I would be willing to be that would be false, unless you dont mind your grouse ending up looking like a anything but a grouse.


----------



## dkhntrdstn (Sep 7, 2007)

it will look like crap if it true.


----------



## Texscala (Sep 8, 2007)

I have seen a few advertised on KSL for pretty cheap. They had pictures up and they looked.............well really cheap.


----------



## TEX-O-BOB (Sep 12, 2007)

50 bucks! :shock: 

I've got a nice polished turd I'll sell you for $25...


----------



## Nor-tah (Dec 16, 2007)

I have a grouse done and its one of my favorite mounts.

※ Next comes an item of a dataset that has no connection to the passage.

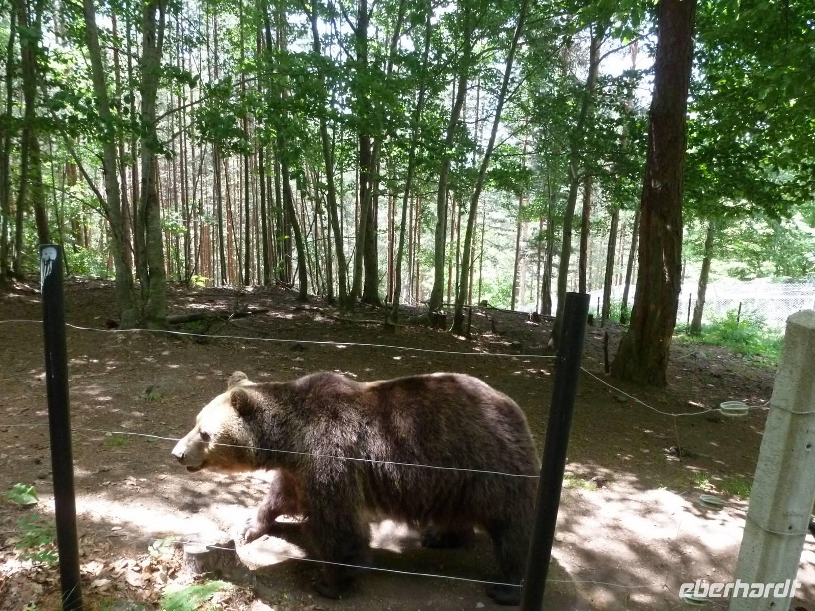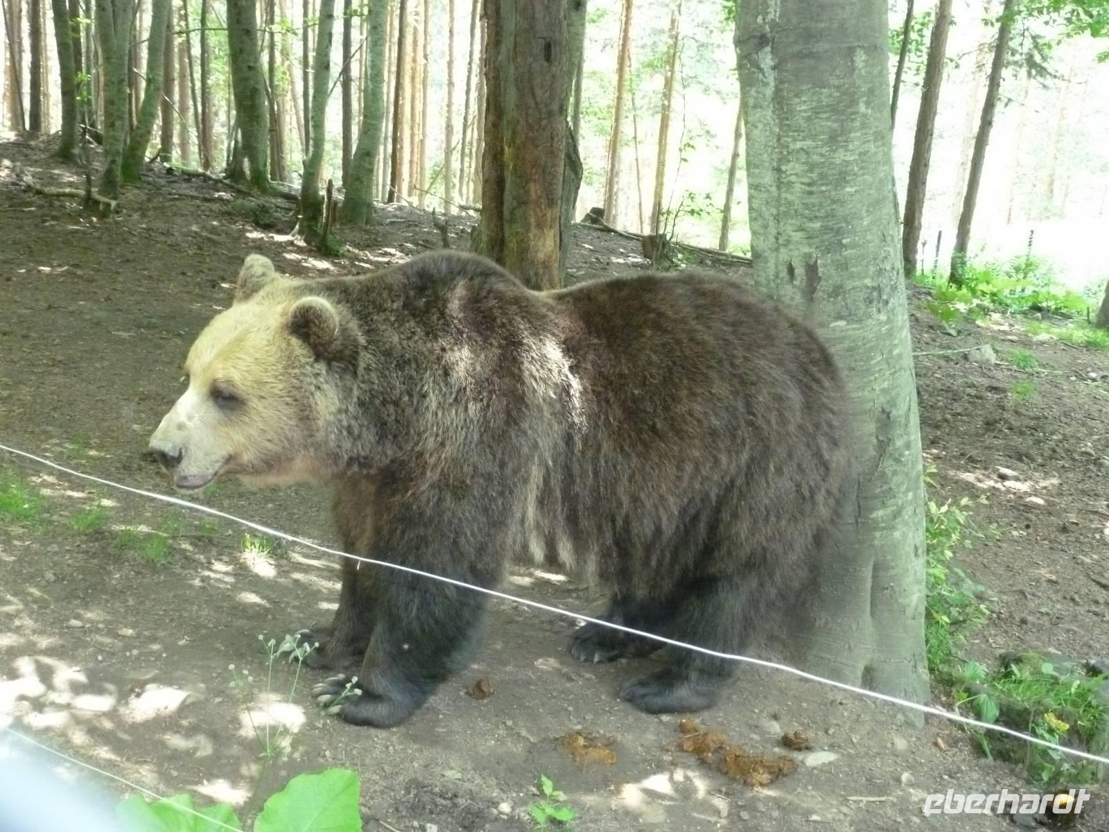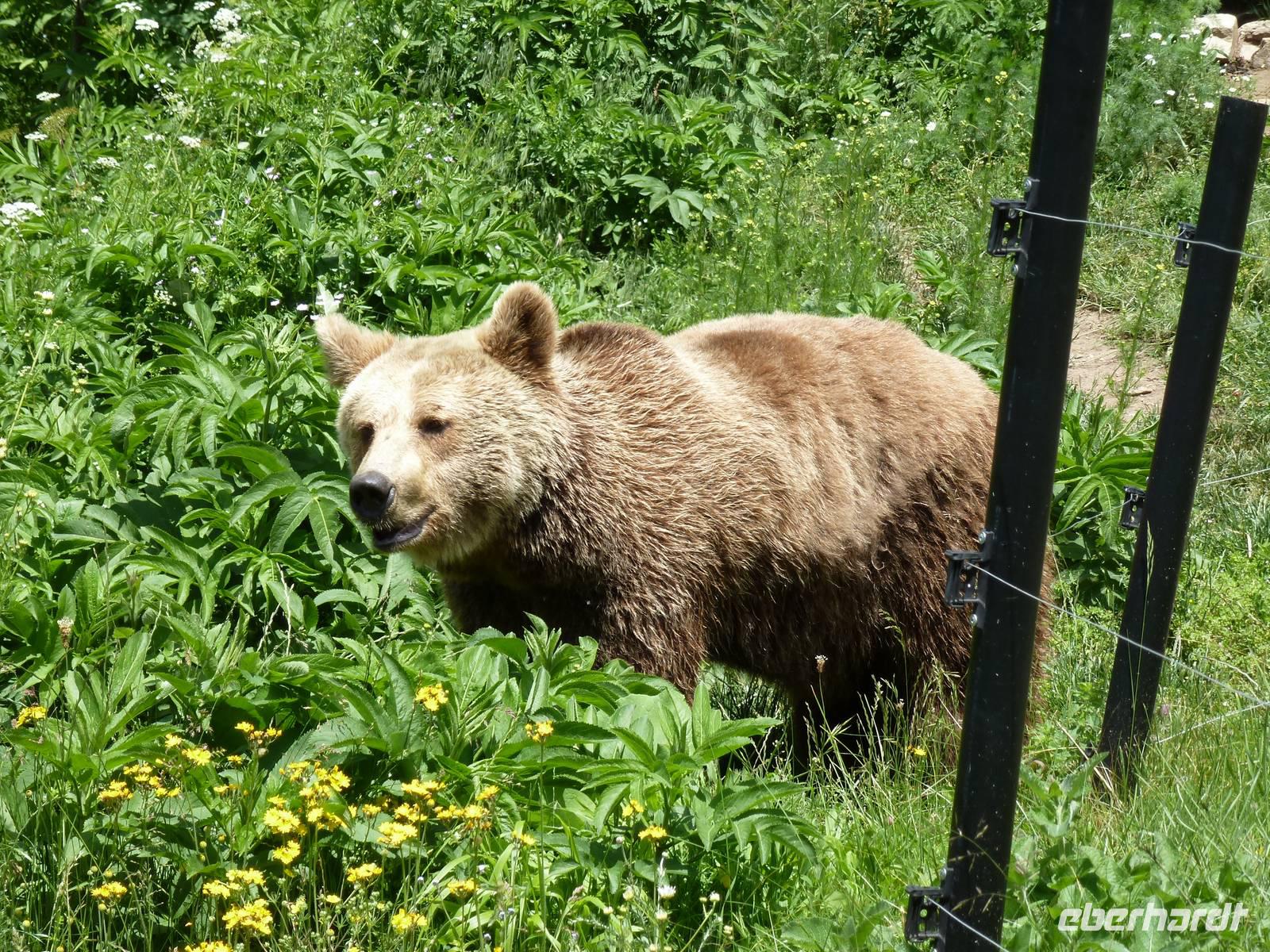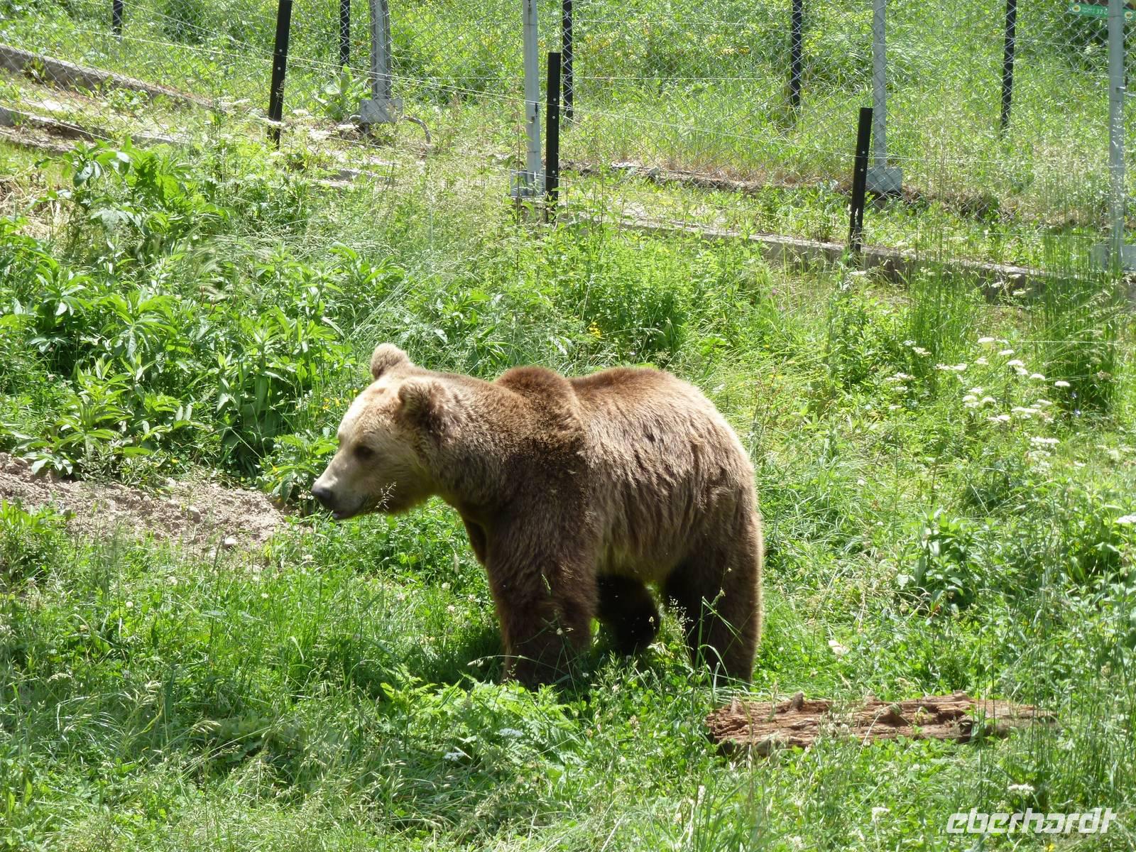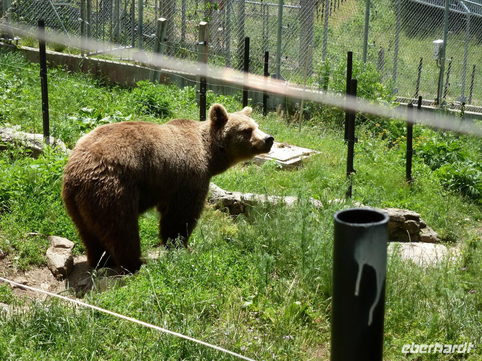 Das Gelände umfasst 120.000 Quadratmeter und ist in sieben Sektoren unterteilt. Bei unserem Rundweg konnten wir die umherstreifenden Bären beobachten und sahen zum Teil noch ihre Verletzungen durch die Nasenringe und Ketten.

PM me if you want my taxidermists #, he charges more than 40 though


----------



## guner (Sep 25, 2007)

Hey Tex why do you keep a polished turd :shock: :lol:


----------



## TEX-O-BOB (Sep 12, 2007)

guner said:


> Hey Tex why do you keep a polished turd :shock: :lol:


It looks really nice next to my Black Velvet Elvis Decanter.


----------



## guner (Sep 25, 2007)

Thats just one of the many Awesome things about ya Tex..... class through and through :lol:
All I got is the velvet Jeasus on my wall


----------



## TEX-O-BOB (Sep 12, 2007)

guner said:


> Thats just one of the many Awesome things about ya Tex..... class through and through :lol:
> All I got is the velvet Jeasus on my wall


 :lol: Actually the velvet Elvis is one of many such pieces of fine art I have. I also have a velvet Jesus, a velvet bullfighter, a velvet cross, and a velvet Starski & Hutch with their car. :mrgreen:


----------



## guner (Sep 25, 2007)

Wow I could only dream of Starsky & Hutch..... I am still trying to get one of Mel the butcher from the Brady bunch :lol:


----------



## TEX-O-BOB (Sep 12, 2007)

guner said:


> Wow I could only dream of Starsky & Hutch..... I am still trying to get one of Mel the butcher from the Brady bunch :lol:


Wasn't his name Sam...


----------



## str8shtr (Jul 4, 2008)

Mel was the owner of the diner on Alice


----------



## TEX-O-BOB (Sep 12, 2007)

Man, are we dating ourselves or what! :shock:  -)O(-


----------



## guner (Sep 25, 2007)

LOL..... maybe thats why I have been having such a hard time finding him !!! :lol: 
How about the throw pillow of Tiger the dog 8)


----------